### The data
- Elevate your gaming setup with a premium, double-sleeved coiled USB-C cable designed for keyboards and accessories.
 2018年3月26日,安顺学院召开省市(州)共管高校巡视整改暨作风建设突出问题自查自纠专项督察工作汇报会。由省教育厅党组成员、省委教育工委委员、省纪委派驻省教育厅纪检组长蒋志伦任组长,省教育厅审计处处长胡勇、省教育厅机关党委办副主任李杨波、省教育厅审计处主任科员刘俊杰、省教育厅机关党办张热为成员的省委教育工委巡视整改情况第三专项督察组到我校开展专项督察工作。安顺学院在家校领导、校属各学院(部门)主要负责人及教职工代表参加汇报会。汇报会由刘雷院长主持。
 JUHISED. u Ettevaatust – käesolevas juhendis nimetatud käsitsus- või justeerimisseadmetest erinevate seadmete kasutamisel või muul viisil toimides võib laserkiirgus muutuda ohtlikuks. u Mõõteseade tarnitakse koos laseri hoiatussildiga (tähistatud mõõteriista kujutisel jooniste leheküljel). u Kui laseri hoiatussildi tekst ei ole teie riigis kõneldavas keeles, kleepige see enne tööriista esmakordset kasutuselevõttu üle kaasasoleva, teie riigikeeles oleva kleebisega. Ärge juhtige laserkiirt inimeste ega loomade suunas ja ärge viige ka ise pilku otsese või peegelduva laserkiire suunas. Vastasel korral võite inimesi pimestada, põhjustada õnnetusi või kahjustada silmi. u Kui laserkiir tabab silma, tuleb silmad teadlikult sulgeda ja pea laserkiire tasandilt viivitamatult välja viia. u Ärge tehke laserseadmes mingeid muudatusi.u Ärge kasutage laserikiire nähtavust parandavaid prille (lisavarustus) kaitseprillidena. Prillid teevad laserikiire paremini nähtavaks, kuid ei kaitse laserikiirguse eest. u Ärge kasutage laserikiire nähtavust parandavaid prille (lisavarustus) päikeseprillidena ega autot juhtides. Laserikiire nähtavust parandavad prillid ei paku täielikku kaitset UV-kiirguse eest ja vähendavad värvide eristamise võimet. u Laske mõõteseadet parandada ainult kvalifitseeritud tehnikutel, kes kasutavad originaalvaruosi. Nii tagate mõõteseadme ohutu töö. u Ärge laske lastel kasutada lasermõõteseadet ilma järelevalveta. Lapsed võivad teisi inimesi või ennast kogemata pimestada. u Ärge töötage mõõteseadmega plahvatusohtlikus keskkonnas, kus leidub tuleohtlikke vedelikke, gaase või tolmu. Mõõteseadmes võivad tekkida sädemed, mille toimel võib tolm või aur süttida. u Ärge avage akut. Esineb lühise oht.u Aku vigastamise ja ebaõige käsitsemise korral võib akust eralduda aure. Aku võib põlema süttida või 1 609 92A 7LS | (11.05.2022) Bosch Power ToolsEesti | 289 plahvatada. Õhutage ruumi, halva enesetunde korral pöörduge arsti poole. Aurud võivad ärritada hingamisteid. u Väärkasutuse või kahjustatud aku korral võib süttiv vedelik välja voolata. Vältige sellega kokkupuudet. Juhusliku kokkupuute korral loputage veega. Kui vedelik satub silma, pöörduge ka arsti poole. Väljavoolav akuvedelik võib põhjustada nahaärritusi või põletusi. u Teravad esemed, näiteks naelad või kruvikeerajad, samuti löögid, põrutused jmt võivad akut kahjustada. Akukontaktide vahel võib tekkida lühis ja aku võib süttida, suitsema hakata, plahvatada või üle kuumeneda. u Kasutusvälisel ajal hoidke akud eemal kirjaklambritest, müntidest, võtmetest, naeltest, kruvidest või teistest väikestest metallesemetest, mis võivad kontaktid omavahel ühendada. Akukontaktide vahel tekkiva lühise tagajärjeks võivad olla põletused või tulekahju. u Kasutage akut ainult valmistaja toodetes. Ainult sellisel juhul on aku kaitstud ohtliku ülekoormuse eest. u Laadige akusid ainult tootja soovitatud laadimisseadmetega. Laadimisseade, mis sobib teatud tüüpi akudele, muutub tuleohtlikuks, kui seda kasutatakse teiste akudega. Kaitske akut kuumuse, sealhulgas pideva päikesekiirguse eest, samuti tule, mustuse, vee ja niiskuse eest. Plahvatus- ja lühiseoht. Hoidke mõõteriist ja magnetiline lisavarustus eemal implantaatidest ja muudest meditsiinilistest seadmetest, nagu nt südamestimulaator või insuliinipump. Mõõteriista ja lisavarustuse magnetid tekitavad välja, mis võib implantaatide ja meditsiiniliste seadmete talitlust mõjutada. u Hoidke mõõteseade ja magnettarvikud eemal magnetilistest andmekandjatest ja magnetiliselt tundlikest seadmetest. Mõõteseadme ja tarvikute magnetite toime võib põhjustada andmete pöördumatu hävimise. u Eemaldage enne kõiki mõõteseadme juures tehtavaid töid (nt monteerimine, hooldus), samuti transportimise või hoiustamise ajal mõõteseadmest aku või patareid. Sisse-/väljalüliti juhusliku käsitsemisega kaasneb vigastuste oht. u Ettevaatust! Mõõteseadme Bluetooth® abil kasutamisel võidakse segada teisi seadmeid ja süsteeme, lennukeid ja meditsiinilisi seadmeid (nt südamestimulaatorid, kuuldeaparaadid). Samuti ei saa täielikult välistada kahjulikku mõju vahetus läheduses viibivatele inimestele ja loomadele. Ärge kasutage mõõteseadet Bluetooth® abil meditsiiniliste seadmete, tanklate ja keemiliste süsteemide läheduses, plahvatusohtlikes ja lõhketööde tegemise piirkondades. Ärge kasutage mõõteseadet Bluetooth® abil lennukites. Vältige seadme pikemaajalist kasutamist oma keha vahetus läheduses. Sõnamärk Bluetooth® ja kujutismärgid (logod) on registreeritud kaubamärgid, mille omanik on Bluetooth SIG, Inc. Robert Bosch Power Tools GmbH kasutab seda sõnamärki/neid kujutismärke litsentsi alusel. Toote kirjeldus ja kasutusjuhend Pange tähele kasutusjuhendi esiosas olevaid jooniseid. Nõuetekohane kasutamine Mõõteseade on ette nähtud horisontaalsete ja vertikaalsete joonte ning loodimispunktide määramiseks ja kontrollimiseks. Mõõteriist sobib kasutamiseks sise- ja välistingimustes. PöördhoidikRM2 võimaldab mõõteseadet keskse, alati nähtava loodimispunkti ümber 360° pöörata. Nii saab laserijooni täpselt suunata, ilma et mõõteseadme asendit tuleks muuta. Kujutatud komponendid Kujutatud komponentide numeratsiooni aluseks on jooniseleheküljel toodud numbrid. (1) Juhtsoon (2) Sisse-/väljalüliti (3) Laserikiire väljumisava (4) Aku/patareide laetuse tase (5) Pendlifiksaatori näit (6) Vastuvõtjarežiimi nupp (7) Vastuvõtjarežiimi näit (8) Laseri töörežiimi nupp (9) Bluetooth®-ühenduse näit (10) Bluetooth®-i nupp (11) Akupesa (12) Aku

--

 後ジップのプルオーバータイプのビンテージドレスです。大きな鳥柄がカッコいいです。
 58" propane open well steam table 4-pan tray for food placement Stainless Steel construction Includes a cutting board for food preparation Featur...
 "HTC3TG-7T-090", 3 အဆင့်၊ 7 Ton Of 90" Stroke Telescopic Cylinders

### Instructions for the task
Please output the lines of the listing above that fall in the stretch from the one with "food preparation Featur..." through the one with "Stroke Telescopic Cylinders", exactly and only those.

### Exercise solution
 58" propane open well steam table 4-pan tray for food placement Stainless Steel construction Includes a cutting board for food preparation Featur...
 "HTC3TG-7T-090", 3 အဆင့်၊ 7 Ton Of 90" Stroke Telescopic Cylinders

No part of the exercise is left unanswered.